On Sun, Jan 09, 2000 at 06:16:27PM -0800, David Wagner wrote:
> By the way, I'd also like to suggest that we shouldn't be too quick
> to dismiss the possibility that the CSS was revealed and broken using
> a purely cryptanalytic attack.  In other words, I'd like to suggest
> that the CSS may have been discovered using just black-box access to
> the cipher implementation (no disassembly or `reverse engineering').
> 
> Looking at the cipher, it appears that it may be possible to discover
> much of its structure with many millions bytes of known text.  Here's
> the mathematical analysis.  Get many streams of known text, and derive
> the corresponding keystream output for each stream.  The internal state
> of the cipher is only 40 bits wide, so by the birthday paradox, there
> is a good chance of a `collision', i.e., an overlap in some pair of
> keystream sequences.  This overlap is easily detected if you only think
> to look for it, and it tells you a lot about the cipher.
> 
> Obviously, obtaining millions of bytes of known text for CSS should be
> straightforward, given access to a DVD player (especially one in software).

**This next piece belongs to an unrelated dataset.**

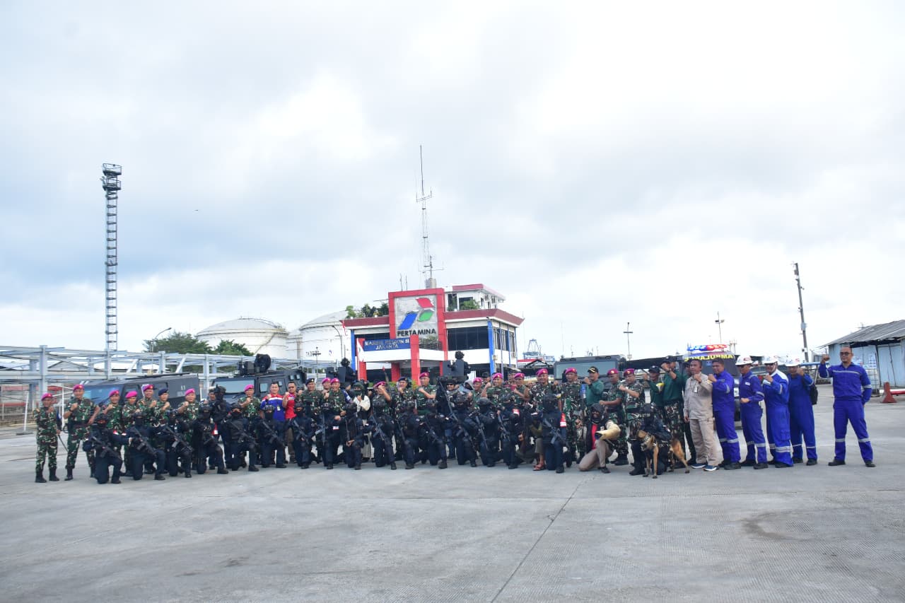 Komandan Komando Latih Korps Marinir (Dankolatmar) Brigjen TNI (Mar) Agus Dwi Laksana Putra, mewakili Panglima Korps Marinir Marinir (Pangkormar) Letnan Jenderal TNI (Mar) Dr. Endi Supardi, S.E., M.M., M.Tr.Opsla., CHRMP., CRMP., memimpin peninjauan Latihan Anti Teror Denjaka Tahun 2025 di PT. Pertamina Marine Region III Jakarta Tanjung Priok, Koja, Jakarta Utara, Rabu (10/12/2025).

	I was unaware that there were any legal, licensed DVD players in
software that provided open public interfaces to the decoded data
streams off the disk.   It is my impression that getting ones hands on
the decoded bitstream would require reverse engineering the player
software of the same possibly illegal sort as reverse engineering the
cipher contained in the player would.   Certainly the stated  purpose of
CSS was to prevent customers from getting their hands on decoded MPEG
and AC3 streams and it seems astonishing that commercial software would
allow any kind of straightforward access to such things.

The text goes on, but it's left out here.